Some stress is placed upon the facts, that this particular train, upon which the plaintiff attempted to take passage, had no conveniences for carrying passengers; that it did not come to the passenger landing; and that the ticket office was not open for the sale of tickets to passengers during the usual time before the train left the station; and it seems to he claimed that these circumstances operated as a sort of notice that the same was not one of the defendant’s freight trains upon which passengers might lawfully travel. The answer to this is, that neither the plaintiff nor the persons who had charge of him knew, at the time the plaintiff was hurt, whether the caboose had or had not conveniences for passengers. They had not then entered the caboose, and, in the darkness of the night and the hurry of getting on the train, it is fair to presume that they had no opportunity to examine its external appearance, conceding that its external appearance indicated that it was not adapted to the carrying of passengers. Further, it does not appear that the ticket office at the station was opened for those freight trains which received passengers, or that such trains came to the passenger platforms or landings, or that the external appearance of the caboose indicated that it was not adapted to the carrying of passengers. It appears affirmatively that the ticket office was opened only before the leaving of passenger trains, and that the same number of men were employed upon each freight train on the road, whether it was a train which carried passengers or one which did not. Considering these circumstances, and the further one that the plaintiff and the persons in charge of him were directed to go on board of the train by some person who, as they had good reason to believe, had authority over the train, there seems to be no foundation for the position that there was anything in the appearance or location of the train, or in any of the surrounding circumstances, sufficient to charge the plaintiff and those with him, with notice that passengers were not carried on that train as well as on other freight trains of the defendant.

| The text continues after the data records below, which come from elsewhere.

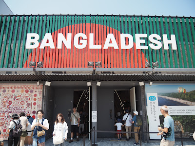 貪心的自己想看最多的館,於是那些貨櫃組裝型場館兼沒啥人排隊的成自己首要目標:首先孟加拉館,其較大篇幅講獨立戰爭和紡織業,順帶講一下可持續發展和與日本合作云云。
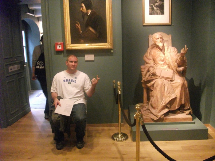 strike a pose…Tim learns from the master Published February 18, 2014 at 700 × 525 Tim strikes a pose at the Reformation Museum
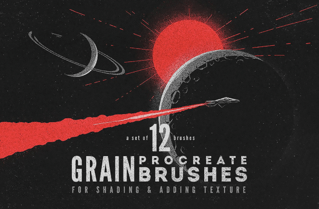 このブラシセットには、12個のテクスチャブラシが付属しています。私はしばしば、基本的な穀物ブラシを使用して、図面に古い紙のテクスチャーの錯覚を作り出します。
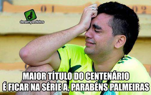 O Palmeiras empatou com o Atlético-PR na última rodada do Brasileirão e só escapou do rebaixamento porque o Santos venceu o Vitória. Apesar de ter permanecido na elite do futebol brasileiro, o Alviverde paulista virou piada na internet.

If the foregoing views are correct, it necessarily follows that all the proposed instructions are based upon an incorrect hypothesis, and hence that the court properly refused to give them to the jury.

■ Let us now briefly examine the instructions which were given to the jury. The doctrine of these is, that although the train in question was not one of the freight trains on which passengers were carried, and although the conductors thereof had express orders from the defendant not to take passengers thereon, yet if passengers were habitually, or perhaps occasionally, carried on such train without objection, and fare collected of them by the conductors, and if the caboose was open for passengers on the night that the plaintiff was injured, and the plaintiff and the party with him went upon the train because passengers had before been carried upon it, or because some employee of the defendant, having authority to do so, directed them to go upon the train, the relation of passenger and carrier existed between the parties.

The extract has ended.